— TASK GOAL —
After locating the line with "Kompletná sada nábytku" in the entries below, output it and each following line up to and including the line with "A wrap leather", exactly and without pictures.

(THE INPUT)

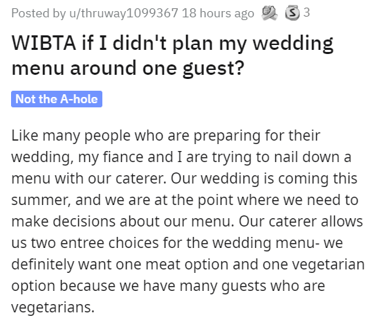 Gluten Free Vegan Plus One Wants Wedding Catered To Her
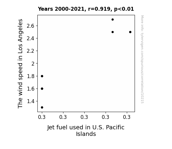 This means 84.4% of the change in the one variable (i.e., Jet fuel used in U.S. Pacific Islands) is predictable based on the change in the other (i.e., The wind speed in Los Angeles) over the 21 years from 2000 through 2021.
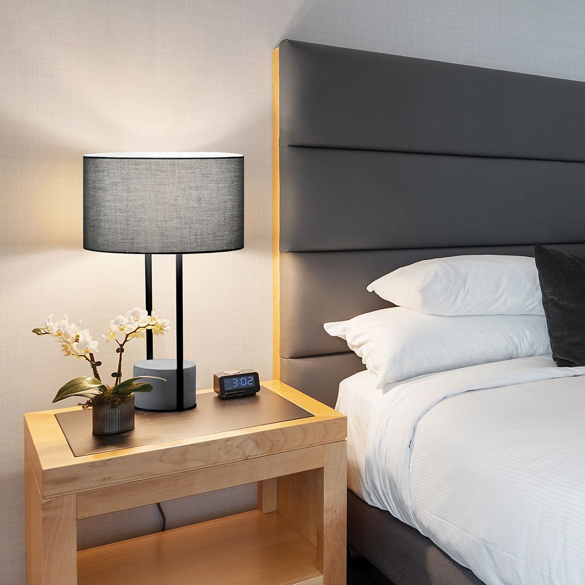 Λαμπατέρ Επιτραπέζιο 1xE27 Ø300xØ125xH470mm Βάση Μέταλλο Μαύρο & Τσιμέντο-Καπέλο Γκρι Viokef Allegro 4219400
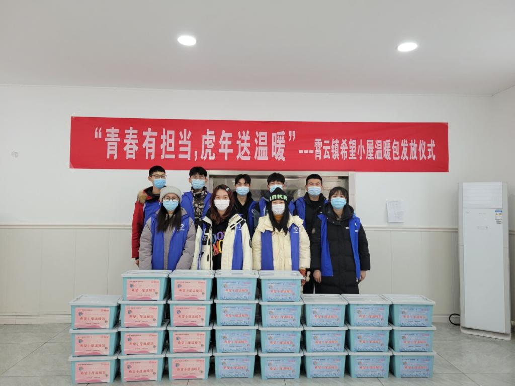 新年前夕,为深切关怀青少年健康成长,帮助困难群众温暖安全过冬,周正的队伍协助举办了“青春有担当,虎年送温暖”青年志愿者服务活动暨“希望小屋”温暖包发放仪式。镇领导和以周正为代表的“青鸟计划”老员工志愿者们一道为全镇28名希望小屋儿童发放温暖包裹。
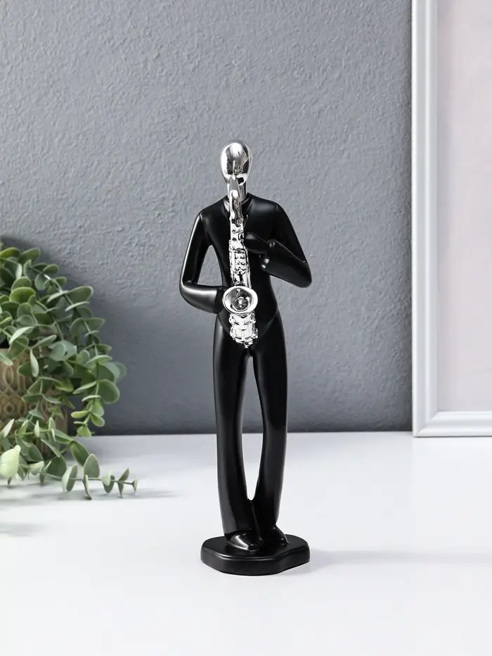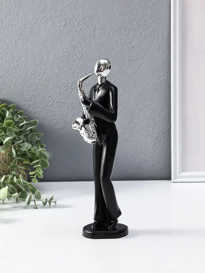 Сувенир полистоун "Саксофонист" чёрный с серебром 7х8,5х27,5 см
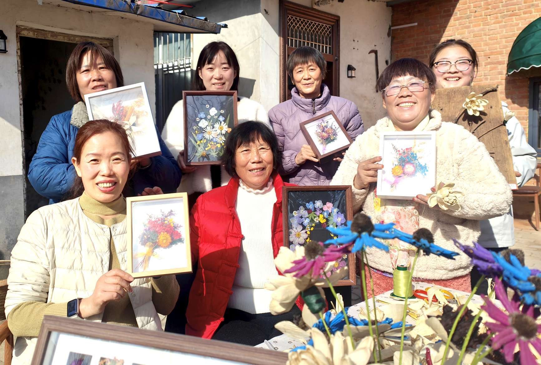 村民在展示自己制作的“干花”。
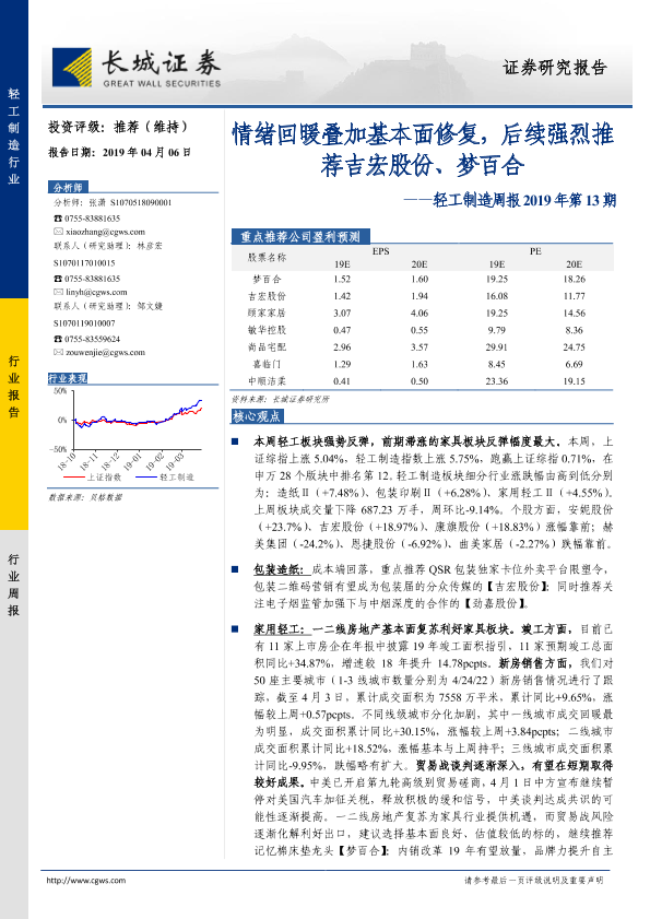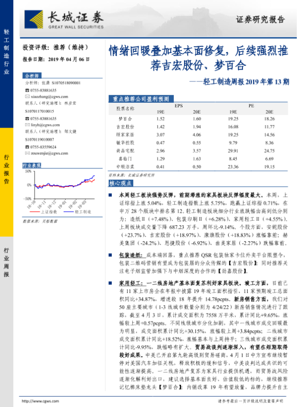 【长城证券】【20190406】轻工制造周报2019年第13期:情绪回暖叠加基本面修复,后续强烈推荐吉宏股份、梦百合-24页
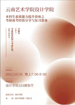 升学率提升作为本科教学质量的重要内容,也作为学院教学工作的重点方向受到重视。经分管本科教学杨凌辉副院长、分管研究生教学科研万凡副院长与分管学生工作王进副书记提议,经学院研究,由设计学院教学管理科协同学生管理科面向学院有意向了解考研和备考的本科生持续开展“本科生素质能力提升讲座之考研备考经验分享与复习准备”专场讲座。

(End THE INPUT)
(THE INPUT)

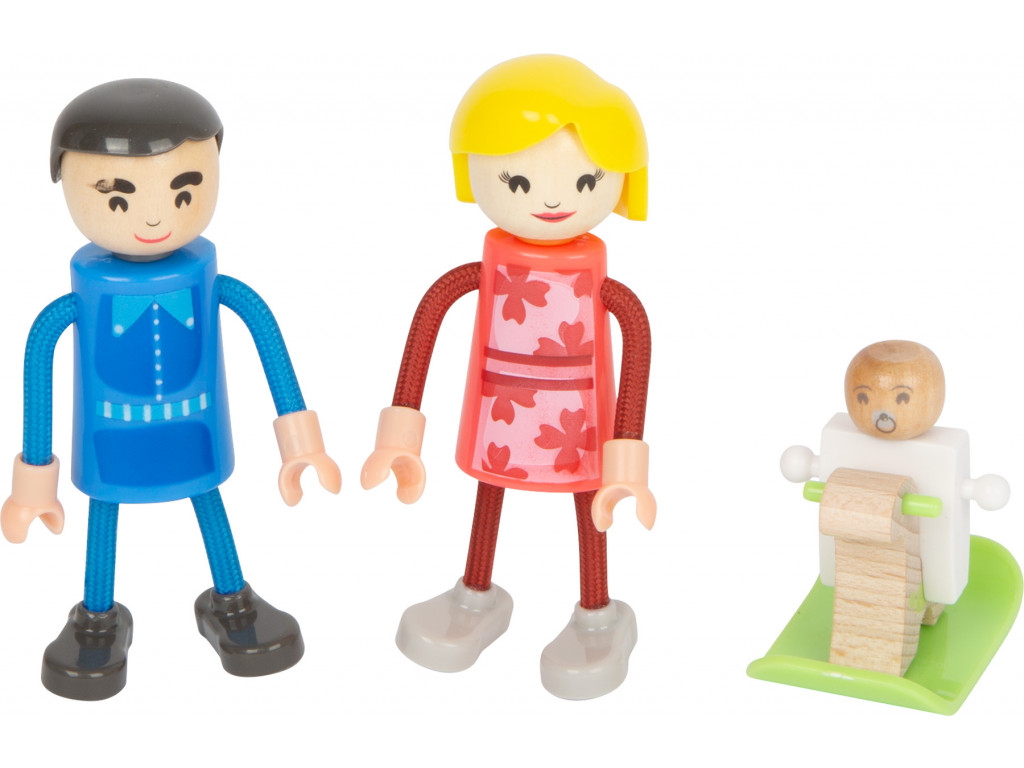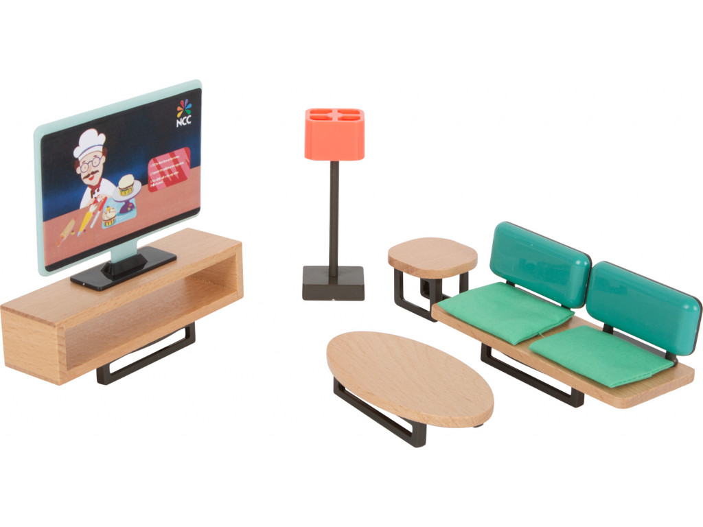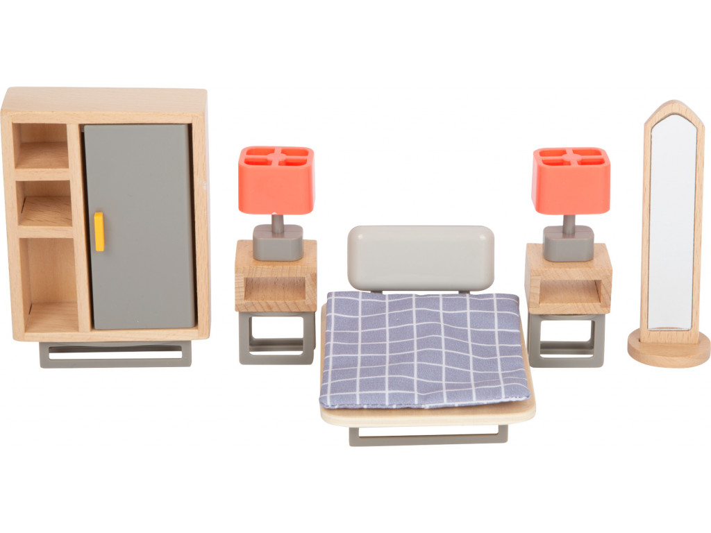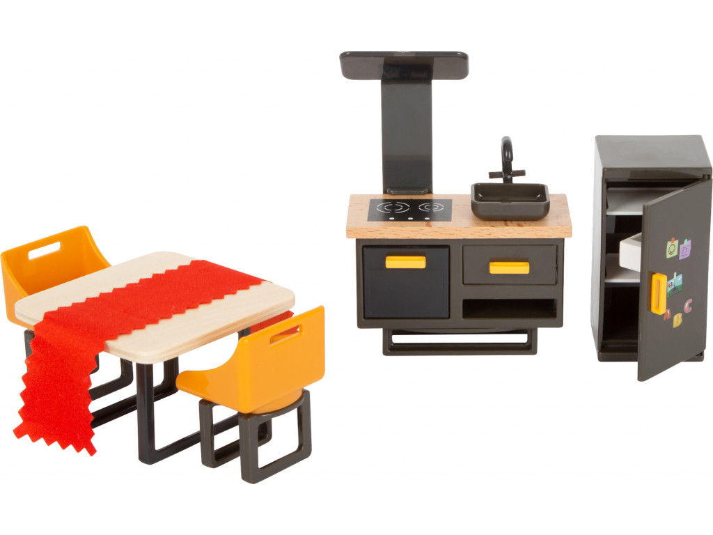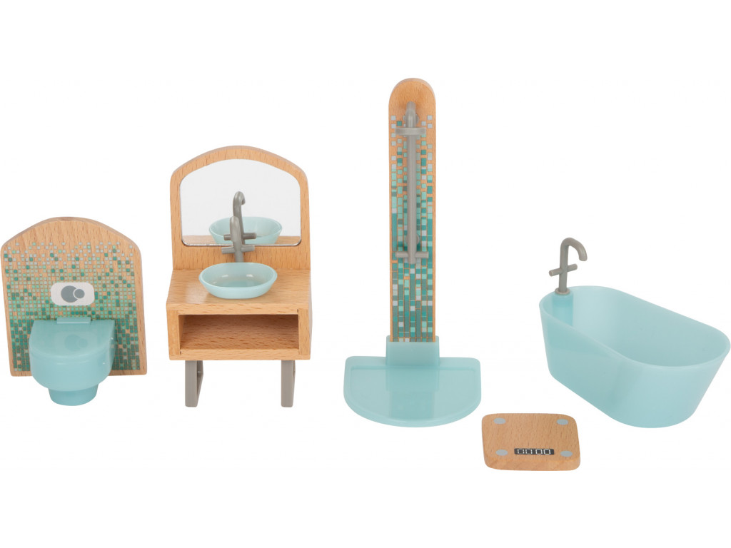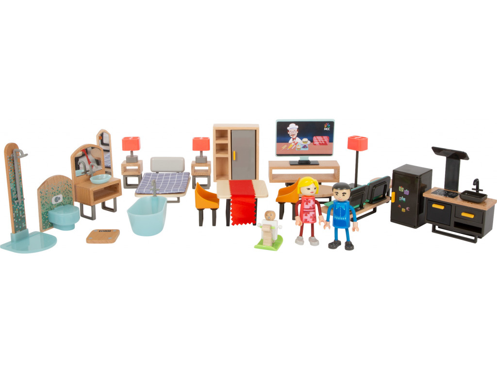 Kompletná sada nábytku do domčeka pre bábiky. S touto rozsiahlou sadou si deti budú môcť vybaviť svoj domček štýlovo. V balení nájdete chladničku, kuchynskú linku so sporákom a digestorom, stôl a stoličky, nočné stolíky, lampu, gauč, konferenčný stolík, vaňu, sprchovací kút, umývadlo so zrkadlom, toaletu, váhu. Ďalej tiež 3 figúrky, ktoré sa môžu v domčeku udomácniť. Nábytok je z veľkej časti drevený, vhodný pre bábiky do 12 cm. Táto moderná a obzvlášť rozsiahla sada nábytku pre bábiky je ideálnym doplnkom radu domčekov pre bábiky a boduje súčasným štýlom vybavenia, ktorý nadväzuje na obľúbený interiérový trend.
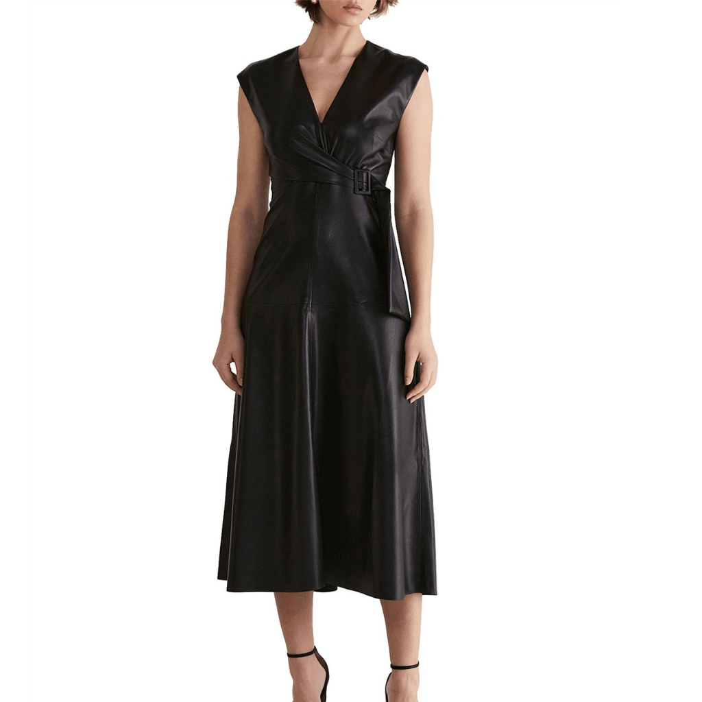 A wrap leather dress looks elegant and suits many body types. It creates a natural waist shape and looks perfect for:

(End THE INPUT)
(THE INPUT)

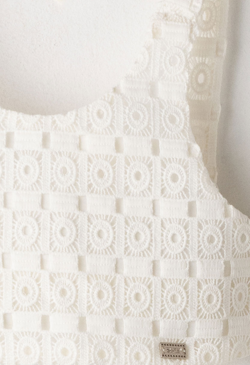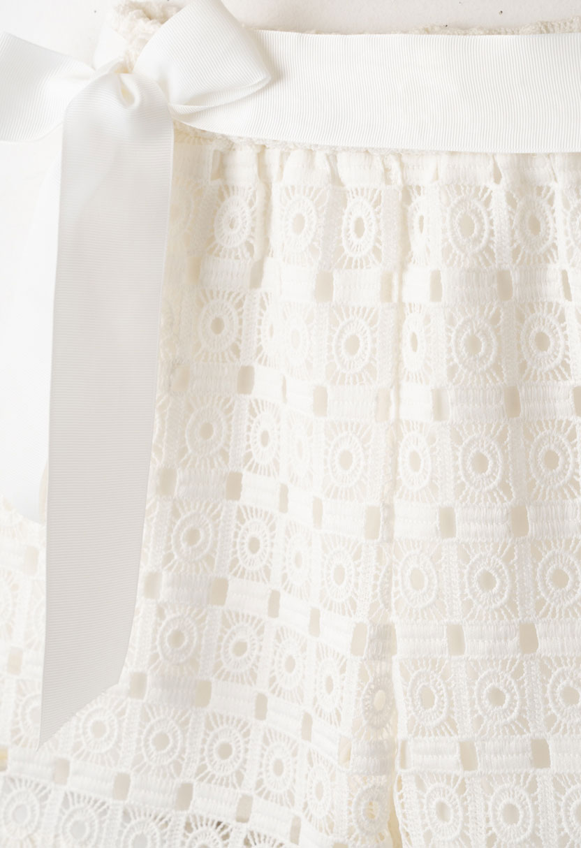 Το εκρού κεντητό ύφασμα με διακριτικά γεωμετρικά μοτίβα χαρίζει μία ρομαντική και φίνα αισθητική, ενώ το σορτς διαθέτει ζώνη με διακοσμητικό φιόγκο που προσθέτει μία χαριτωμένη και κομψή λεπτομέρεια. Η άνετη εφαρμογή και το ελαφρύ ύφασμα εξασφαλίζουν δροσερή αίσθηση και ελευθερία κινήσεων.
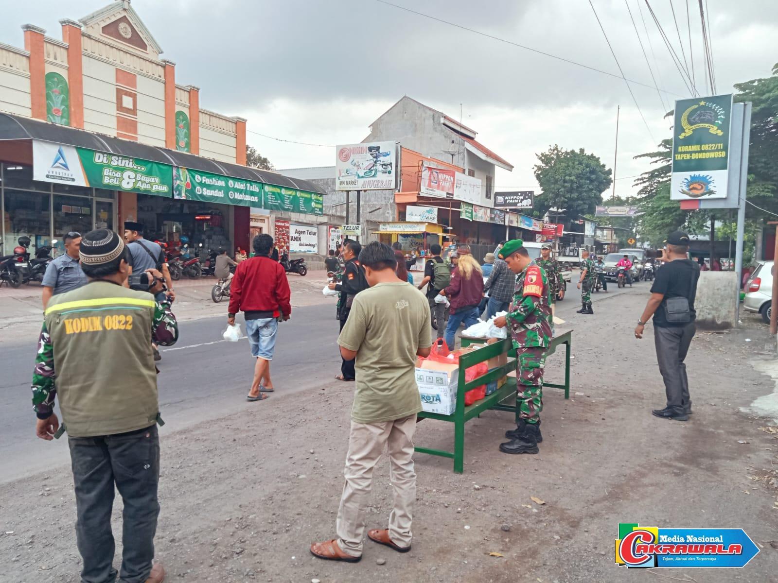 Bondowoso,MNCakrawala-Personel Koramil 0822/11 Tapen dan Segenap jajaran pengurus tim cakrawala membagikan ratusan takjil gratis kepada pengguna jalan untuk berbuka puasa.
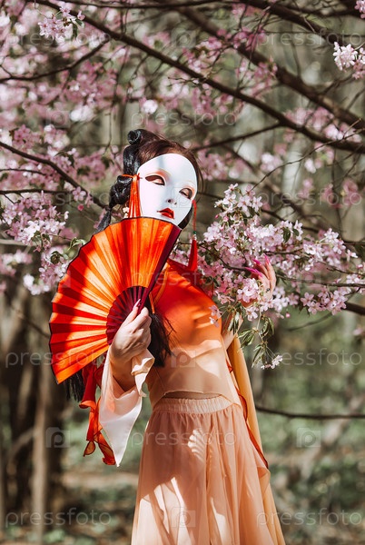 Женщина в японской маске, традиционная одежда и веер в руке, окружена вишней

(End THE INPUT)

— THE ANSWER —
 Kompletná sada nábytku do domčeka pre bábiky. S touto rozsiahlou sadou si deti budú môcť vybaviť svoj domček štýlovo. V balení nájdete chladničku, kuchynskú linku so sporákom a digestorom, stôl a stoličky, nočné stolíky, lampu, gauč, konferenčný stolík, vaňu, sprchovací kút, umývadlo so zrkadlom, toaletu, váhu. Ďalej tiež 3 figúrky, ktoré sa môžu v domčeku udomácniť. Nábytok je z veľkej časti drevený, vhodný pre bábiky do 12 cm. Táto moderná a obzvlášť rozsiahla sada nábytku pre bábiky je ideálnym doplnkom radu domčekov pre bábiky a boduje súčasným štýlom vybavenia, ktorý nadväzuje na obľúbený interiérový trend.
 A wrap leather dress looks elegant and suits many body types. It creates a natural waist shape and looks perfect for:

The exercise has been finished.